Hey guys, if you haven’t read my other posts, I’ve been experimenting around with metaprogramming and macros. Recently I found out that Elixir doesn’t seem able to “see” a given variables value, even if it is explicitly provided in the source code:

a = 10
some_macro(a) # The variable will be used here

# => Inside the macro the variable will be seen as something like `{:a, [line: x], nil}`

Essentially all variables are all seen as nil. I was hoping that Elixir could somehow see the value when the variable is explicitly bound in the code (seeing the value from dynamically passed variables — like in function parameters — would be a different story).
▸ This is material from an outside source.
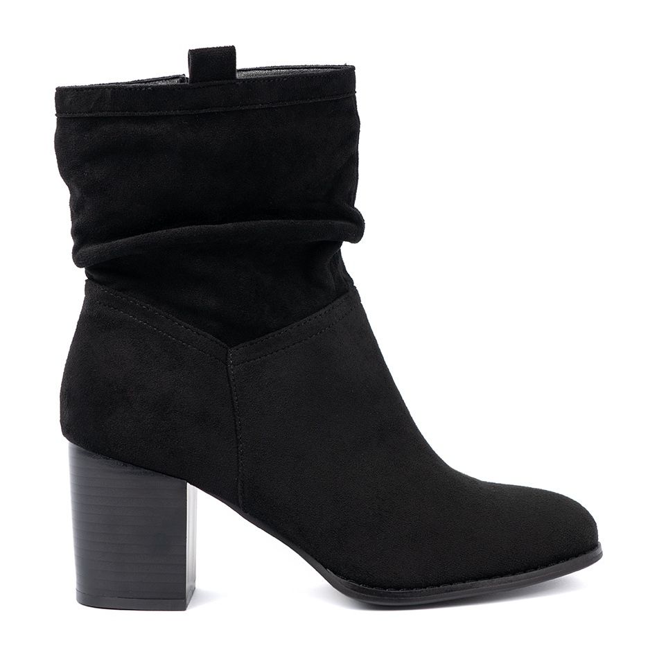 Szczegóły: Shelvt Czarne zamszowe botki na słupku z marszczoną cholewką
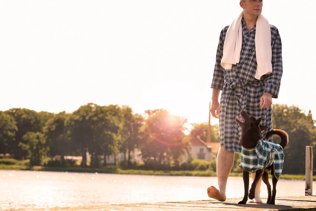 Uw hond afkoelen: Laat de Splash badjas in koud water weken. Het overtollige water uitwringen en bij de hond aantrekken tussen 30 minuten tot 1 uur.

I looked at Macro.var/2but it doesn’t seem to do what I want.

var(var, context)

var(var, context) :: {var, , context} when var: atom, context: atom
Generates an AST node representing the variable given by the atoms var and context.

Examples

In order to build a variable, a context is expected. Most of the times, in order to preserve hygiene, the context must be MODULE:

iex> Macro.var(:foo, MODULE)
{:foo, , MODULE}
However, if there is a need to access the user variable, nil can be given:

iex> Macro.var(:foo, nil)
{:foo, , nil}

Is there an actual way to achieve this? If not, why so? Is this a limitation of Elixir or is it a side effect from a certain feature/design decision?

EDIT:

I assume receiving a list as a parameter in a macro my_macro(args), do: IO.puts length(args) and having it output the length of args during compilation is not possible?

It is because macro expansion time takes place during compilation, the variable a is just that, ast of a variable, it has no other useful information yet because that variable has not been bound to anything yet. If you need to access the variable then you can return AST from the macro to be run at ‘run-time’ that can then access whatever binding that the variable will have at that time.

Thank you for your reply @OvermindDL1. That was my reasoning at first, but something told me that due to the fact that the variable is explicitly bound to a certain literal, then the compiler would be able to “see” that somehow.

So the only point where I’ll be able to know a's value will be at runtime, exclusively?

a = 2

This may seem simple, but imagine %{foo: foo} = %{foo: 2}. This could clearly never work, because %{foo: 2} isn’t even a map yet, it’s just map AST. The same as true for your a = 2 example, but just less obviously.

Correct, the only way to know a's value is at runtime.

@benwilson512 nice comparison! I understand now Thank you both

@benwilson512 and @OvermindDL1 but why doesn’t the compiler see the AST of the expression where the variable’s value is passed? If we have %{foo: foo} = %{foo: 2} then the %{foo: 2} part must be parsed and read by the compiler, no?

Sorry for being so insistent on this topic

It’s read by the parser sure, but when you get access to it’s in the MIDDLE of the compilation phase, not after. Macros are expanded as basically a pre-compilation phase that operates on the AST. For all intents and purposes no, the compiler has not actually run.